Pytanie: Czy jako przewoźnik jesteśmy zobowiązani do zapłaty kwoty we wskazanej wyżej wysokości oraz czy istnieje ryzyko nałożenia mandatu przez odpowiednią inspekcję drogową w zakresie przekroczenia czasu pracy przez kierowcę?
Odpowiedź eksperta
Biorąc pod uwagę skalę przewozów międzynarodowych oraz kabotażowych realizowanych przez rodzimych przewoźników na rynku francuskim (zob. Transport – wyniki działalności w 2017 r.) problemy tych ostatnich wynikające z opóźnienia w dostarczeniu towaru wydają się naturalną konsekwencją prowadzonych protestów przez tzw. żółte kamizelki. Mając na względzie charakter odpowiedzialności przewoźnika za szkody transportowe (szerzej o zasadach odpowiedzialności pisaliśmy tutaj) jego odpowiedzialność nie jest absolutna i istnieje szereg przepisów na które może powołać się przewoźnik w sporze z osobą uprawnioną do dochodzenia odszkodowania (więcej o uprawnionym do dochodzenia roszczeń tutaj) chcąc uwolnić się od odpowiedzialności m.in. za szkody spowodowane opóźnieniem w przewozie.
Okoliczności zwalniające przewoźnika z odpowiedzialności
W przypadku przewozów międzynarodowych zastosowanie znajdzie konwencja CMR. Odpowiedzialność przewoźnika drogowego w międzynarodowych przewozach drogowych limitowana jest przyczynami zwalniającymi (egzoneracyjnymi).

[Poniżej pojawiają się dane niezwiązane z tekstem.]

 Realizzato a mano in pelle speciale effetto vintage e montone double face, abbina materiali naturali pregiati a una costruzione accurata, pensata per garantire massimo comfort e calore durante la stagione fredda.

Zgodnie z art. 17 ust. 2 konwencji CMR „Przewoźnik jest zwolniony od tej odpowiedzialności, jeżeli zaginięcie, uszkodzenie lub opóźnienie spowodowane zostało winą osoby uprawnionej, jej zleceniem nie wynikającym z winy przewoźnika, wadą własną towaru lub okolicznościami, których przewoźnik nie mógł uniknąć i których następstwom nie mógł zapobiec.”

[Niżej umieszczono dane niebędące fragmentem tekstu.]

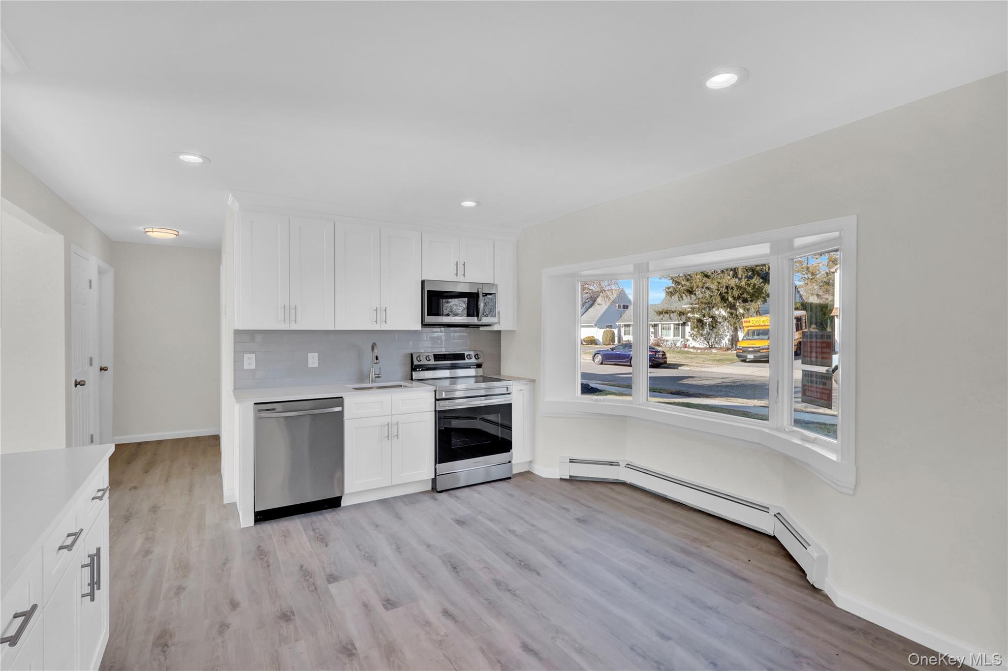Move right into this renovated four-bedroom, two-bathroom, expanded Levitt ranch-style home. New designer kitchen with quartz counters and stainless-steel appliances. Two new bathrooms, new heating, new flooring and carpeting, fresh paint, and more. Mid-block location. Close to local shopping, schools, and parkways. Don't miss out on this opportunity! To help visualize this home’s potential, yard photos were digitally enhanced.

W przypadku szkód spowodowanych opóźnieniem w przewozie którego przyczyną był strajk należałoby bliżej przyjrzeć się ostatniej okoliczności zwalniającej o której mowa w wyżej zacytowanym przepisie – okoliczności, których przewoźnik nie mógł uniknąć i których następstwom nie mógł zapobiec. Sama konwencja CMR nie zawiera zamkniętego katalogu zdarzeń, które można zaliczyć do powyższych okoliczności, jednakże należy wskazać, iż chodzi tu o takie okoliczności, którym możemy przypisać cechy nieuniknioności i przemożności. Przewoźnicy najczęściej powołują się na omawianą okoliczność w przypadku, gdy szkoda wynikła ze stanu pojazdu, warunków atmosferycznych czy kradzieży i rozboju.

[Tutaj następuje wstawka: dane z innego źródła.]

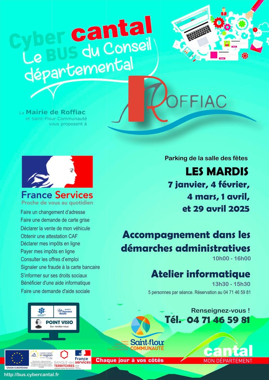 La Mairie de Roffiac et Saint-Flour Communauté proposent des permanences "CyberCantal - le bus".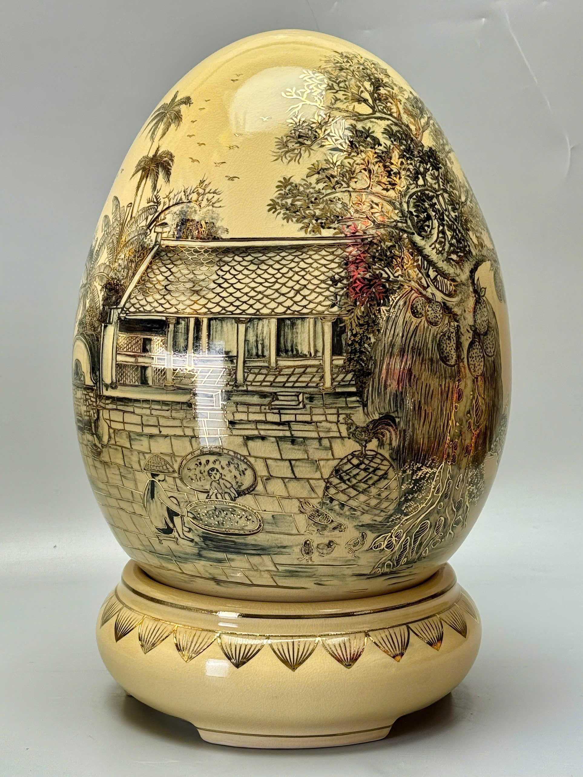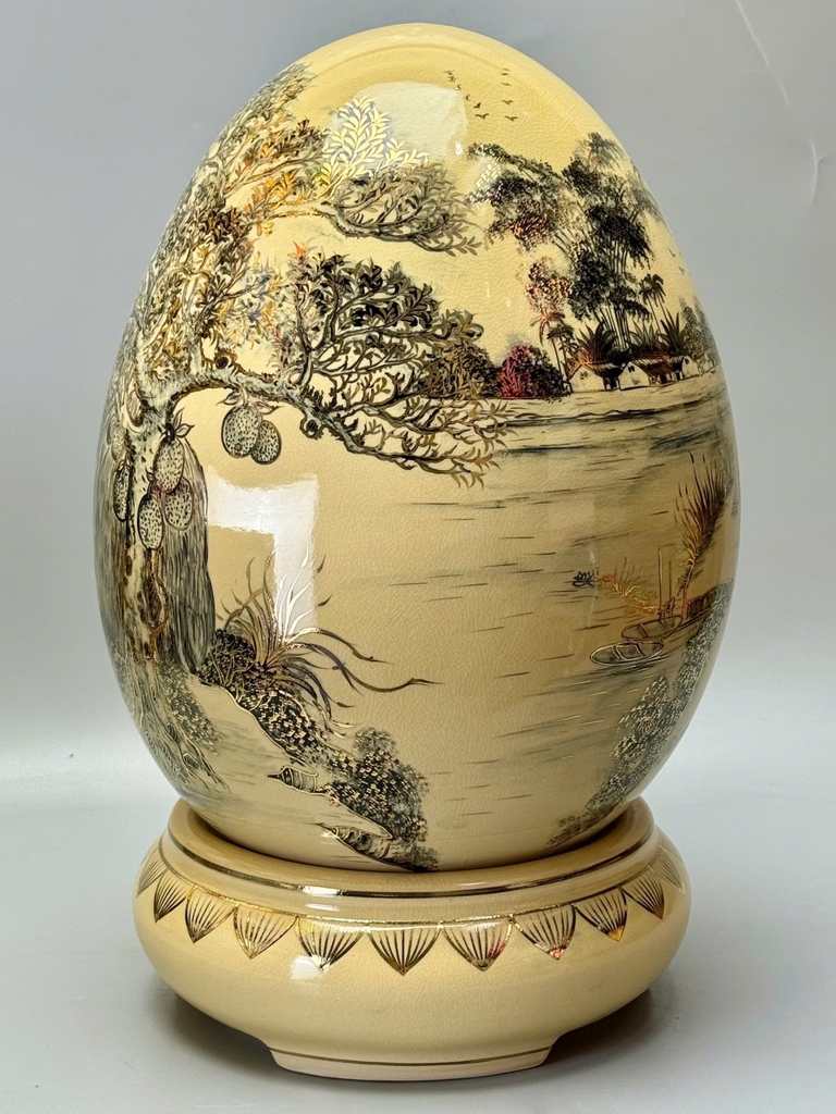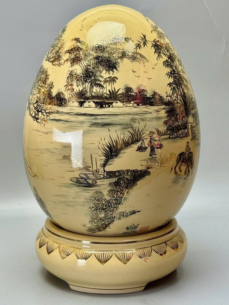 Trứng Tài Lộc Phong Cảnh Làng Quê Việt Nam Xưa – Cao 55cm – Gốm Chu Đậu Vẽ Vàng 24K

Odnosząc się do wskazanego stanu faktycznego, jeżeli strajk tzw. żółtych kamizelek nie był planowany na wybranej przez przewoźnika trasie przewozu, a pomimo tego wystąpiło zablokowanie drogi, które uniemożliwiło dostarczenie towaru zgodnie z ustaleniami należy przyjąć, iż co do zasady nie dało się tego uniknąć. W tym miejscu należy również zaznaczyć, iż generalnie strajki oraz protesty są zapowiadane z wyprzedzeniem i przewoźnik jako profesjonalista powinien śledzić komunikaty dot. możliwości występowania utrudnień z tego tytułu.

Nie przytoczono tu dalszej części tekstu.